# XBox 360 Wireless Controller mit dem PC verbinden???



## Andy19 (30. August 2007)

Ich versuche den Controller mit dem PC „Windows Vista 32“, aber er bekommt keine Verbindung. Der Wireless Receiver wird im Gerätemanager angezeigt, aber er zeigt keine installierten Gamecontroller an. Die Synchronisation scheint zugehen. Nach der Synchronisation blinkt die Statusanzeige des Controller weiter „grüner Ring“. (keine XBOX vorhanden)

Ich habe mir bereits den aktuellen Treiber für Vista herunter geladen.

Synchronisation:
1. Xbox Guide Taste am Controller drücken: grüner Ring blinkt 
2. Verbinden-Schaltfläche auf dem Xbox 360 Wireless Gaming Receiver drücken (blinkt)
3. Drücken der Verbindungstaste auf dem Controller („Ring of Light“ auf dem Controller rotiert einmal und danach blinken alle 4 Lichter des Rings weiter)

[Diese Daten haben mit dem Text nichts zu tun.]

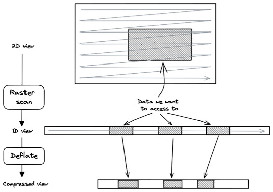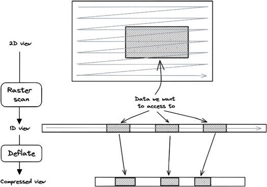A similar problem occurs when accessing a multi-dimensional subset in a multi-dimensional chunk stored in raster-scan order. Figure 6 illustrates this problem in the 2D case. The connected subset of data is scattered in the compressed chunk. The number of compressed data sections required to reconstruct the connected subset increases with the dimensions. Consequently, the chunkindex package needs to read and decompress more sections of the compressed chunk to reconstruct the connected subset, once again affecting the performance of the chunkindex. The performance is further affected when multi-dimensional datasets are compressed with shuffle.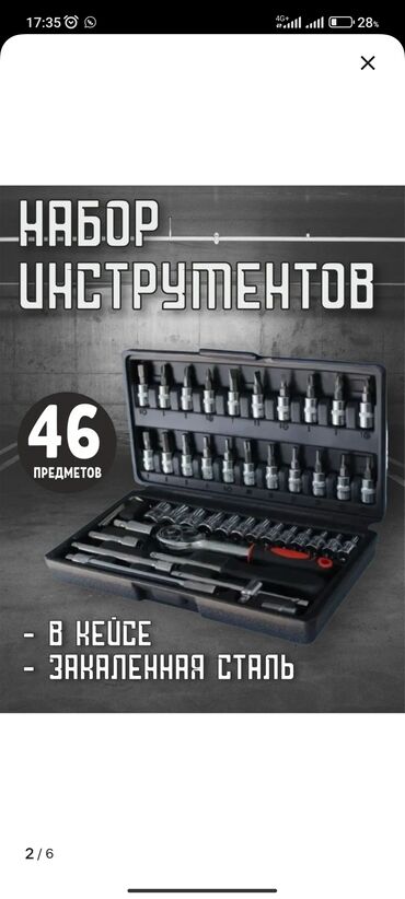 Набор инструментов в пластиковом кейсе, 46 предметов.

Zitat von der Microsoftseite:
„Wenn eine Verbindung hergestellt wird, wird das Ring of Light auf dem Controller gehellt bleiben und die Position angeben, an der der Controller angeschlossen ist.“ ????????


----------



## simme4ever (29. September 2007)

Also ich hatte das Problem auch und das war dann die Lösung:

Software nochmal deinstallieren,
Danach Vers. 1.1 installieren, (Receiver noch NICHT anstecken !!!!)
NEUSTART
Jetzt anstecken und schon sollte es klappen !!!

mfG simme4ever


----------



## Andy19 (30. September 2007)

simme4ever am 29.09.2007 20:57 schrieb:
			
		

> Also ich hatte das Problem auch und das war dann die Lösung:
> 
> Software nochmal deinstallieren,
> Danach Vers. 1.1 installieren, (Receiver noch NICHT anstecken !!!!)
> ...


Danke für die späte Antwort, aber ich mir jetzt die Version mit Kabel.
Ich denke aber, dass ich auch das versucht habe, was du mir geschrieben hast. Ohne Erfolg.


----------



## simme4ever (1. Oktober 2007)

Andy19 am 30.09.2007 15:49 schrieb:
			
		

> simme4ever am 29.09.2007 20:57 schrieb:
> 
> 
> 
> ...



Und funktioniert der wenigstens ordentlich ???
Dann tausch ich meinen auch um !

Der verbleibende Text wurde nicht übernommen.